See the sample columns 'Max Rank Process (output I want using windowing)' and 'Min Rank Process (output I want using windowing 2)' for what I actually want to output. It seems Windowing may not support 'column name' over without some sort of aggregate. If not windowing (or with windowing) how can I accomplish this?
from pyspark.sql.types import StructType,StructField, StringType, IntegerType
from pyspark.sql import functions as F
from pyspark.sql.window import Window
schema = StructType([ \
StructField("Process",StringType(),True), \
StructField("Process_rank",IntegerType(),True), \
StructField("Max Rank Process (output I want using windowing)",StringType(),True) , \
StructField("Min Rank Process (output I want using windowing 2)",StringType(),True)

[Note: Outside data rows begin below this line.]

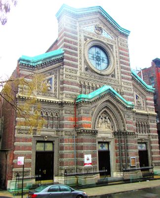 L'église en briques sur West 132nd Street présente des bandes de briques rouges, des briques émaillées céladon et de la terre cuite polychrome.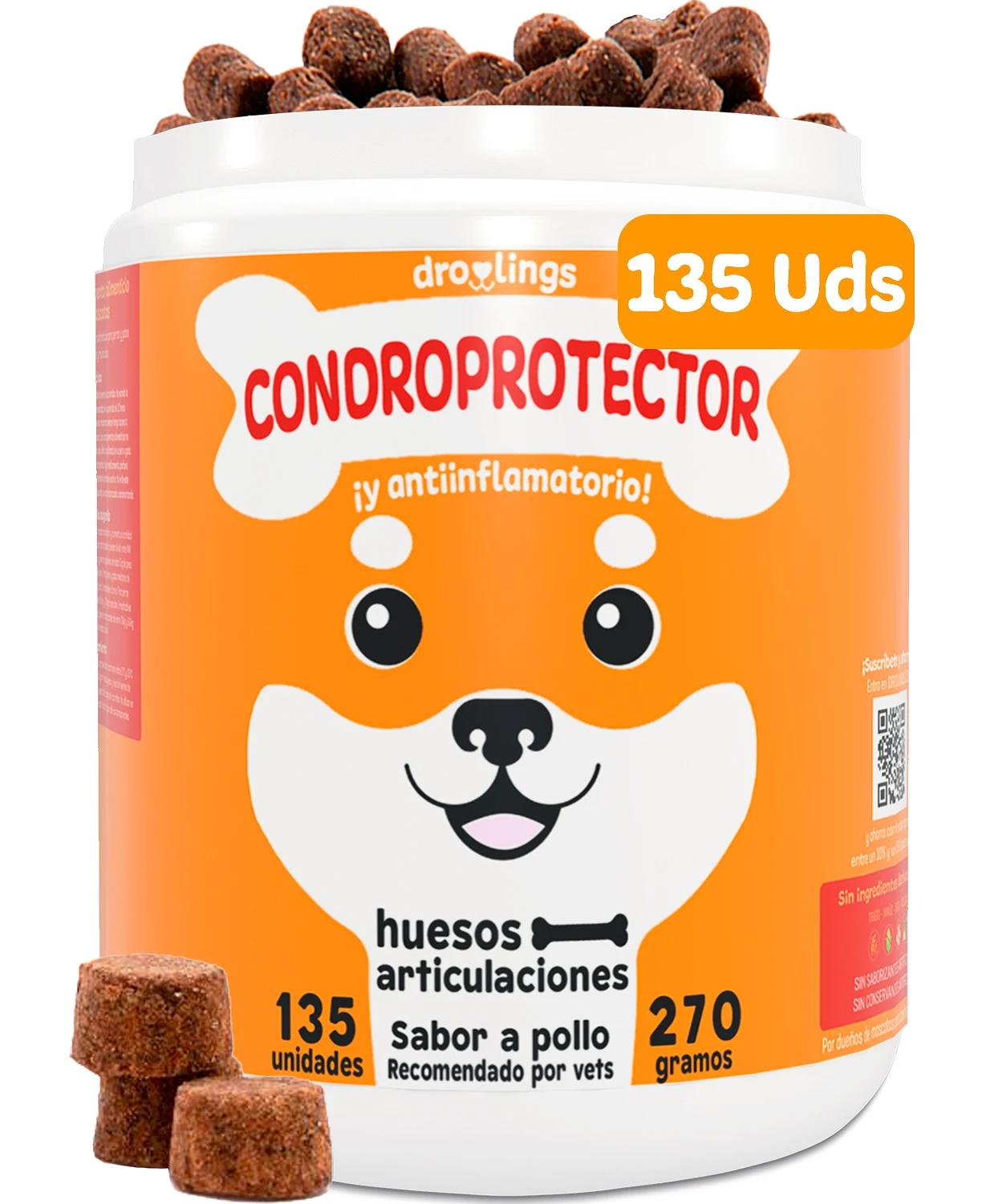 Los condroprotectores para perros son suplementos que ayudan a mantener saludables las articulaciones de tu mascota. Contienen ingredientes como glucosamina o condroitina entre otros, ayudan a reparar el cartílago y calmar la hinchazón. Son muy útiles para perros con dolor en las articulaciones, como aquellos con artritis, y para perros grandes o mayores. Hagamos que tu amigo peludo se mueva mejor y se sienta cómodo, para que pueda estar más animado y tranquilo.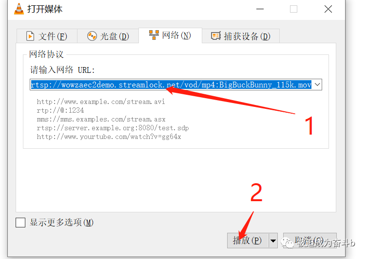地址可以通过下面两种方式验证地址是否可用。我在网上搜索到一个可用的RTSP地址为rtsp://wowzaec2demo.streamlock.net/vod/mp4:BigBuckBunny_115k.mov,广大读者如果身边没有摄像头,暂时可用该地址代替测试。
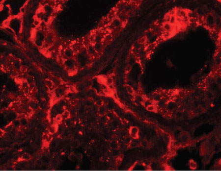 Immunofluorescence of INCA1 in human testis tissue with INCA1 antibody at 20 ug/ml.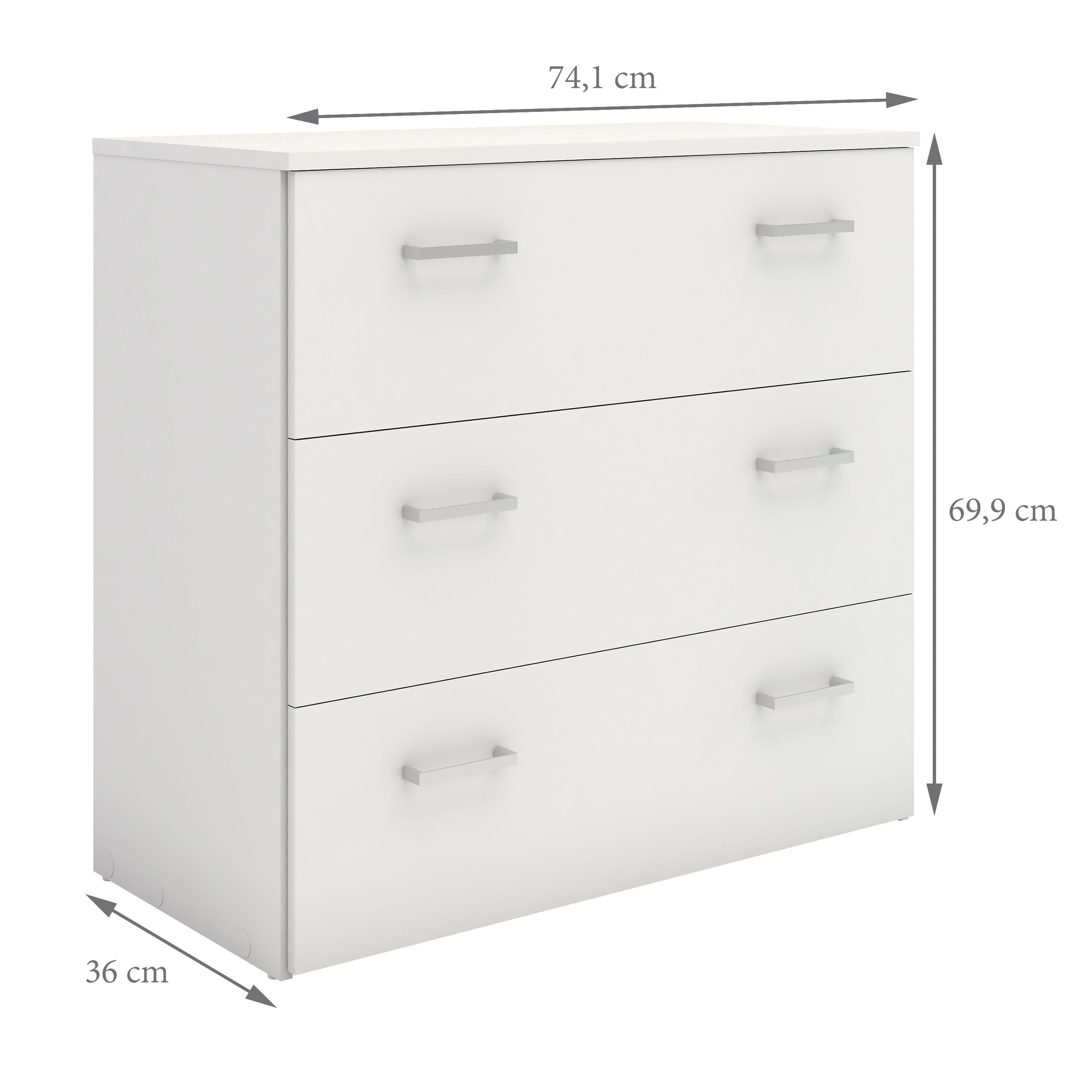 The Space Wooden Chest of 3 Drawers, available at CozyFurnitureDirect, is a practical and stylish storage solution designed for modern UK bedrooms. This chest from the Space collection maximises storage capacity while maintaining a minimal footprint, crafted from high-quality laminated board resistant to scratches, moisture, and heat. Made from PEFC certified sustainable wood in Denmark, it features easy self-assembly and includes anti-tip safety with wall fittings to ensure secure use.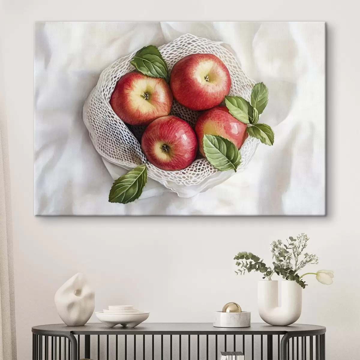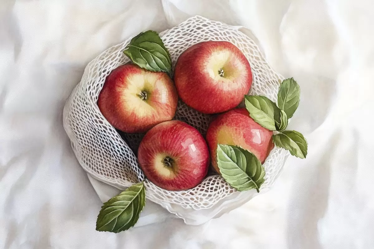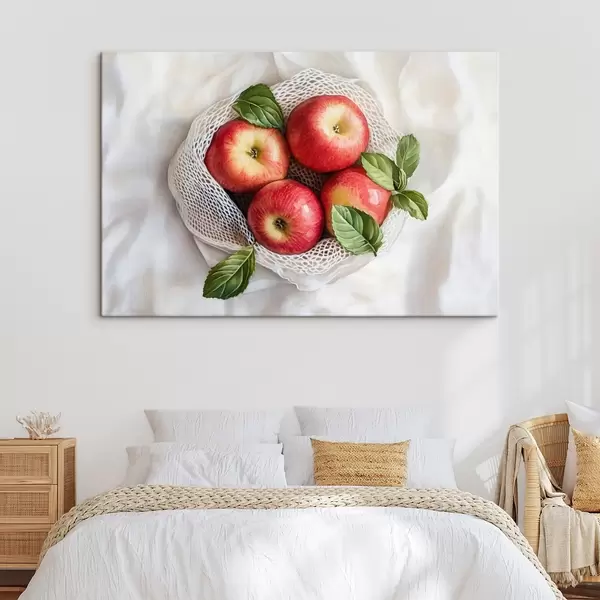 Picture Red apples in the linen bag with mint leaves, rustic style, fruits Nr s44609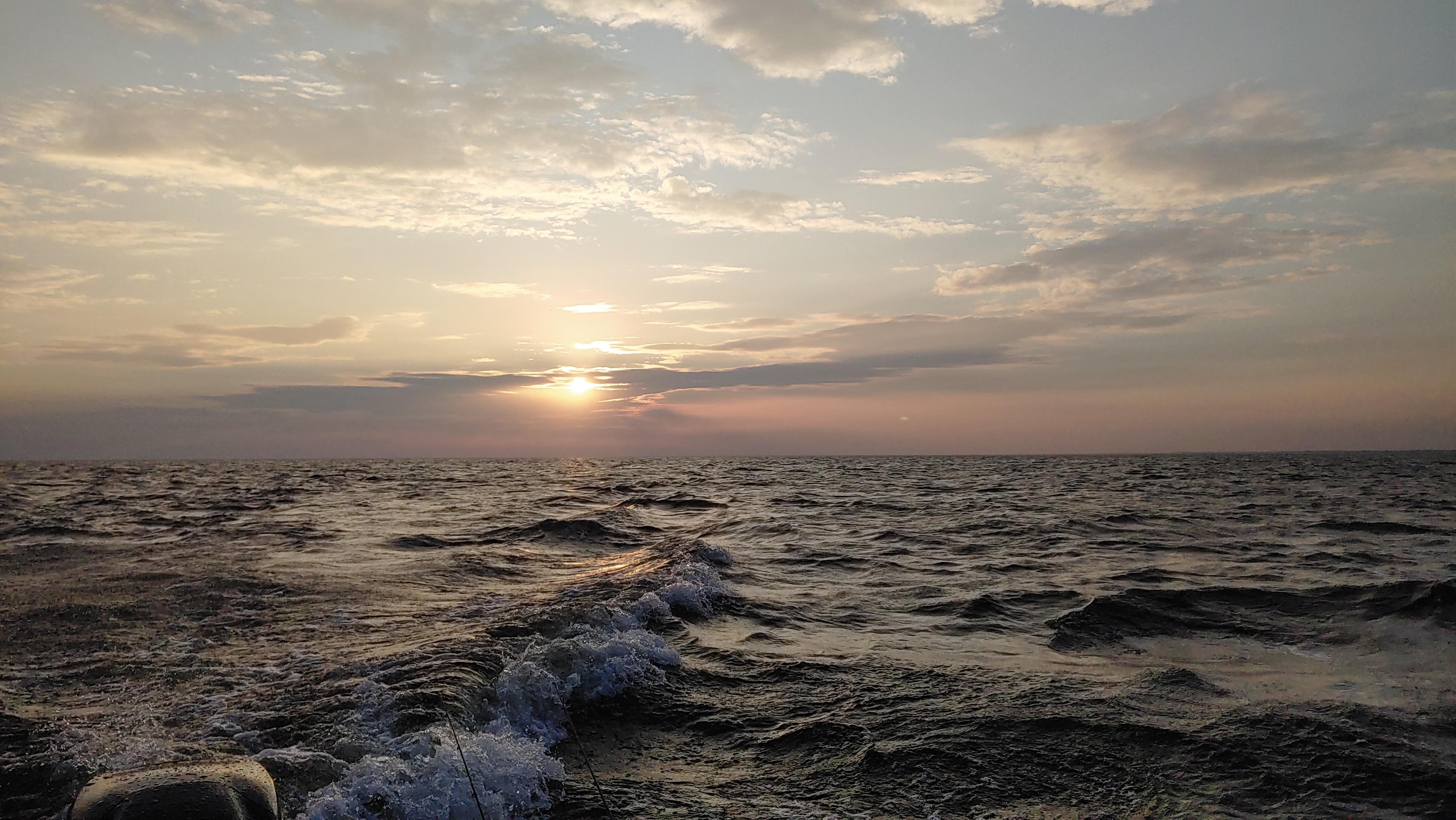 Вечером приличная болтанка была, ветер до 12мс. Отошли только 1-1.5км. Вдвоём поймали штук 20 мелочь 70-100гр. Всех за борт. В берегу крупной рыбы не было, а дальше в озеро не выйти.
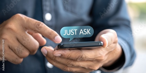 A person interacts with a smartphone, a digital speech bubble prompts users to simply "JUST ASK", emphasizing ease and accessibility in communication.
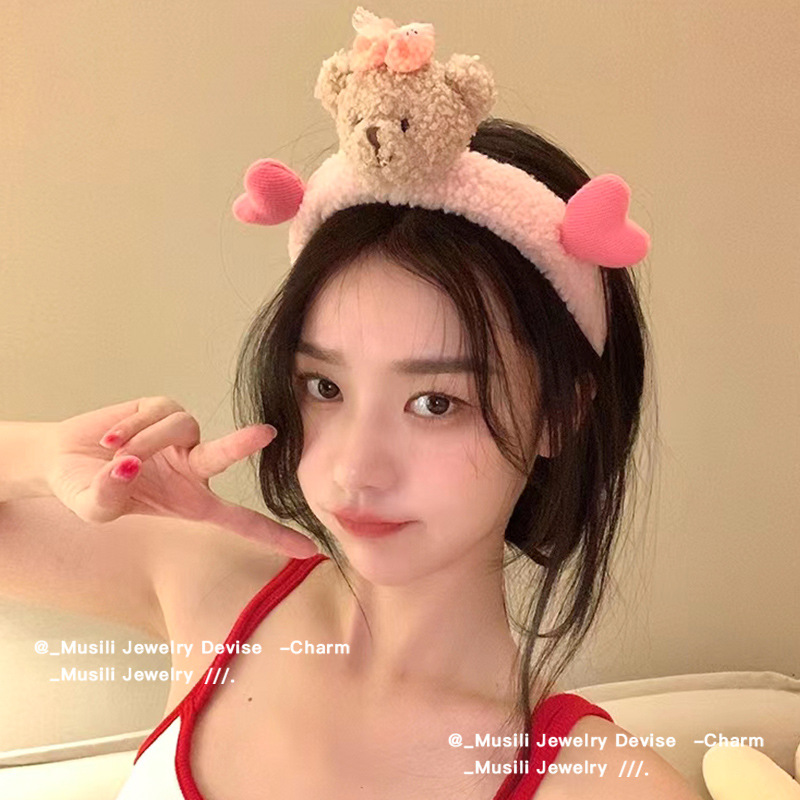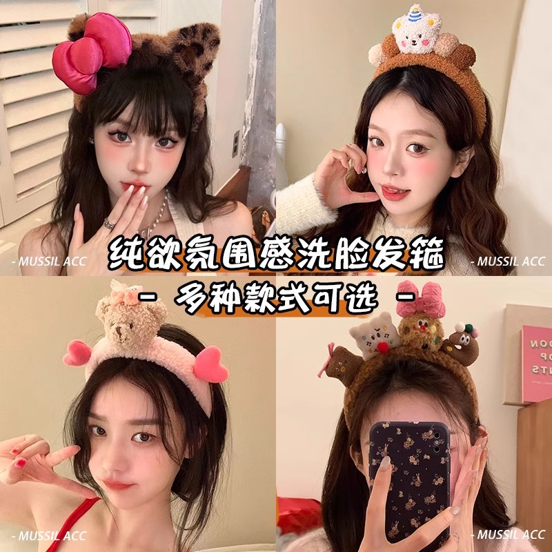 洗脸专用发箍女2024新款秋冬可爱小熊头箍束发带发卡发饰毛绒头饰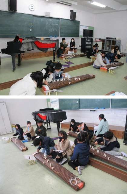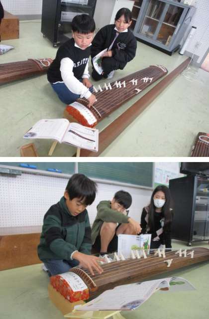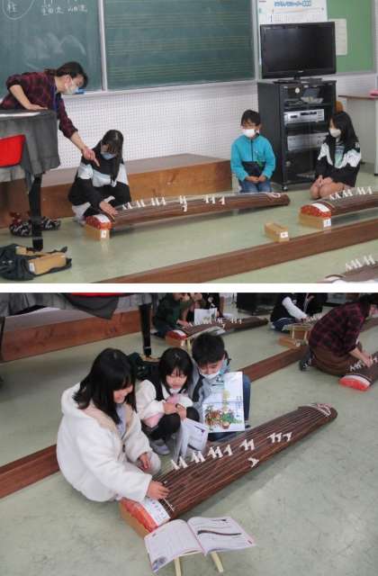 音楽では、和楽器に親しむ内容が盛り込まれています。東小には、和太鼓がありますので、これまで太鼓を使ってきました。今回は、南陵中からお借りして体験することができました。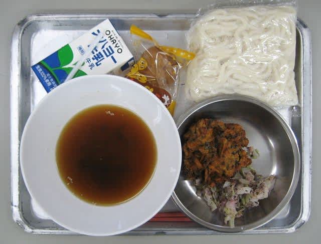 昼食:あっさりうどん、テンペ入りかき揚げ、ゆかり和え、わらび餅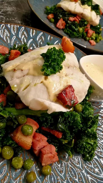Tilsett en god klatt smør i pannen, erter og grønnkål. Vend det inn, smakt til med 2 ts vegeta og pepper etter smak.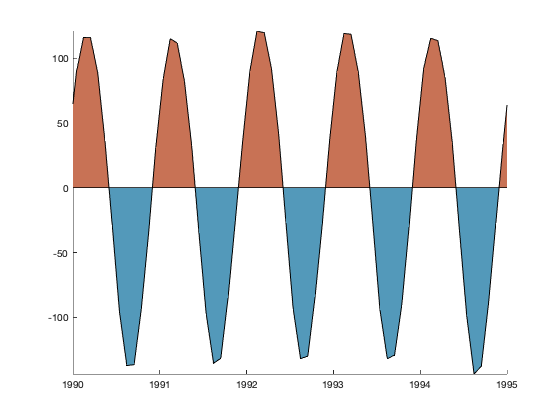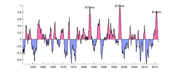 figure('pos',[100 100 600 250]) anomaly(t,-pc(1,:),'topcolor',rgb('bubblegum'),... 'bottomcolor',rgb('periwinkle blue')) % First principal component is enso box off axis tight datetick('x','keeplimits') text([724316 729713 736290],[.95 .99 .81],'El Nino','horiz','center')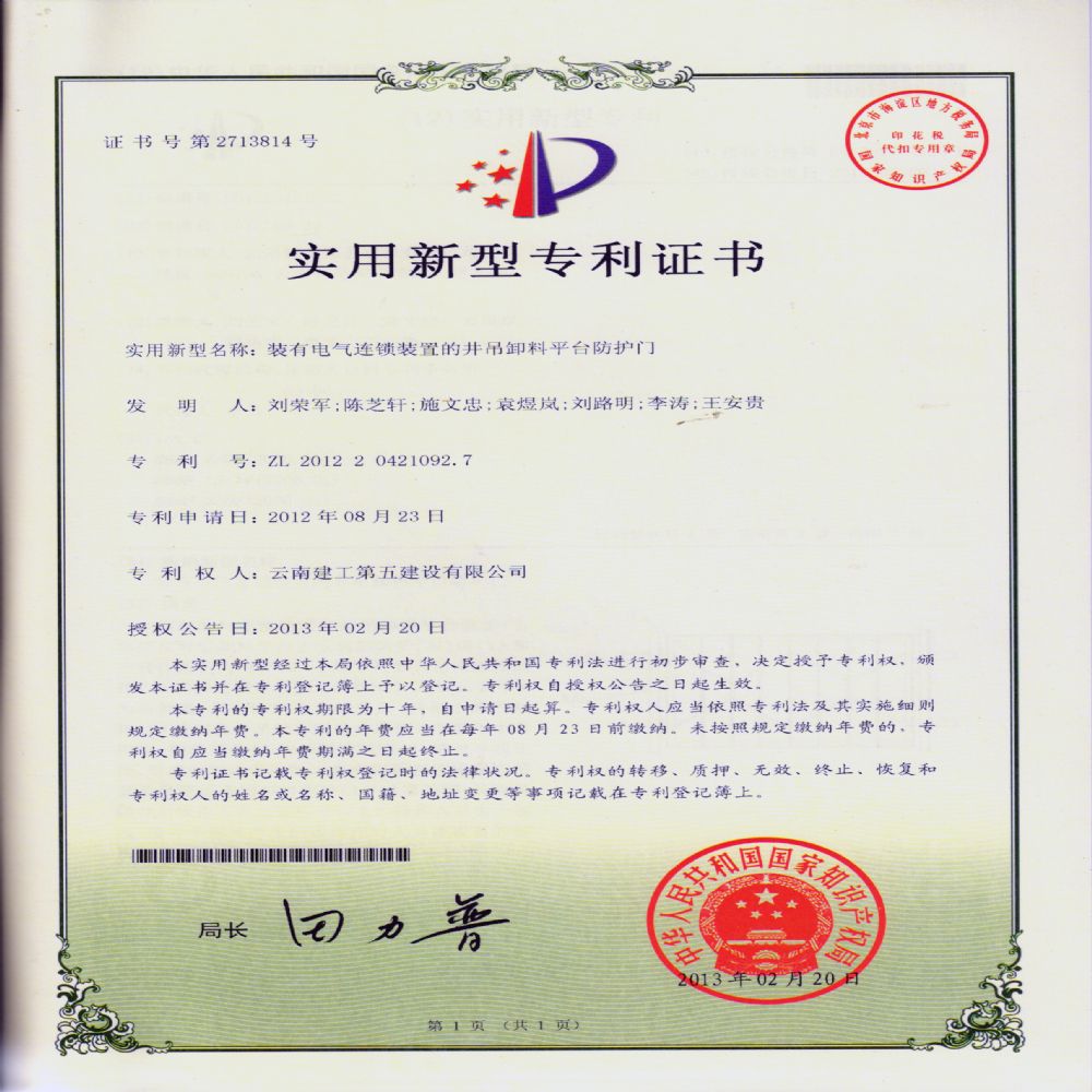 裝有電氣連鎖裝置的井吊卸料平臺防護門

data = [("Inventory", 1, "Retire","Inventory"), \
("Data availability", 2, "Retire", "Inventory"), \
("Code Conversion", 3, "Retire", "Inventory"), \
("Retire", 4, "Retire", "Inventory")
df = spark.createDataFrame(data=data,schema=schema)
# window1: partition by Process name, order by rank max
w_max_rnk = Window.partitionBy("Process").orderBy(F.col("Process_rank").desc())
# window2: partition by Process name, order by rank min
w_max_rnk = Window.partitionBy("Process").orderBy(F.col("Process_rank").asc())
#windowed cols to find max and min processes from dataframe
df = df.withColumn("max_ranked_process", F.col("Process").over(w_max_rnk)) \
.withColumn("min_ranked_process", F.col("Process").over(w_max_rnk))
The performance is not great and it only works okay for a smaller dataframe, though this should give the correct result.
w = Window.orderBy('Process_rank').rowsBetween(Window.unboundedPreceding, Window.unboundedFollowing)
df = (df.withColumn('Max Rank Process', F.last('Process').over(w))
.withColumn('Min Rank Process', F.first('Process').over(w)))